You need a good data scientist in your organization and you need to make sure that your hiring process is set up in a way that will enable you to find one. That’s why we recommend using a data-science test to evaluate your candidate.
If you hire the wrong candidate, you will create quite a lot of problems in your workplace. A not-so-good data scientist can:
• Stop learning once they’re hired and miss out on new technological advances in the field that are crucial for doing the job successfully
• Make mistakes when understanding the problem statement, which would create a faulty hypothesis
• Be inexperienced with data verification, data cleaning, and data wrangling
• Create models that don’t represent the data accurately
• Create models that don’t provide the business with any meaningful value when it comes to the bottom line
• Do a poor job when it comes to data security and leave openings that can turn into security breaches
All of these reasons and many more are why you need to properly vet your data-scientist candidates.
The hiring manager should use a scientifically validated data-science test that will help to recruit a data scientist who’s qualified for the job.
Using a pre-employment test is the best way to screen candidates before identifying who you want to interview, because the test’s fair, objective results can be ranked to show you which applicants perform most strongly in the required skills..
This way, the candidates will be assessed only on their abilities, so you eliminate hiring bias and give every candidate the opportunity to prove themselves.
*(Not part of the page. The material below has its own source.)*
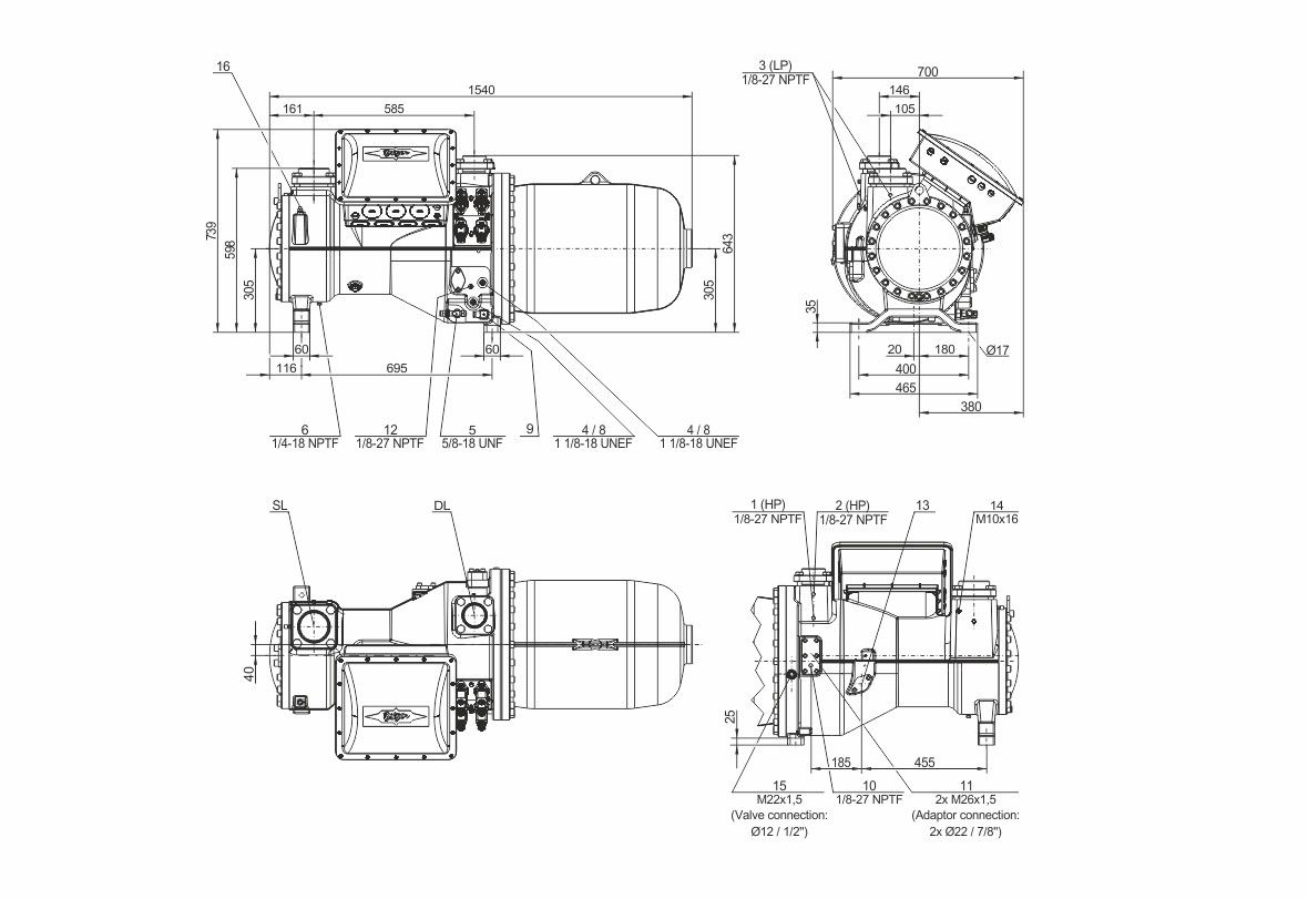 - ابعاد کمپرسور : 585*695*1540 میلیمتر
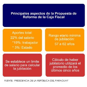 El Poder Ejecutivo presentó al Congreso el proyecto de reforma de la Caja Fiscal, con el objetivo de fortalecer la sostenibilidad financiera del sistema previsional público, cuyos principales regímenes (Magisterio Nacional y Fuerzas Públicas) acumularon en el periodo 2014-2024 un déficit de USD 1.162 millones.

And these pre-employment tests are simple, scalable and easy to use. Itt doesn’t make any difference to the hiring manager if there are 50 or 200 candidates: they simply distribute the same test with a single click.
Hiring an excellent data scientist is imperative because they can improve many processes in your marketing, HR, and sales teams. To ensure that you hire the right candidate, you should give them a pre-employment data-science test. With this, you will eliminate bias from the hiring process and assess your candidates only on their verifiable skills.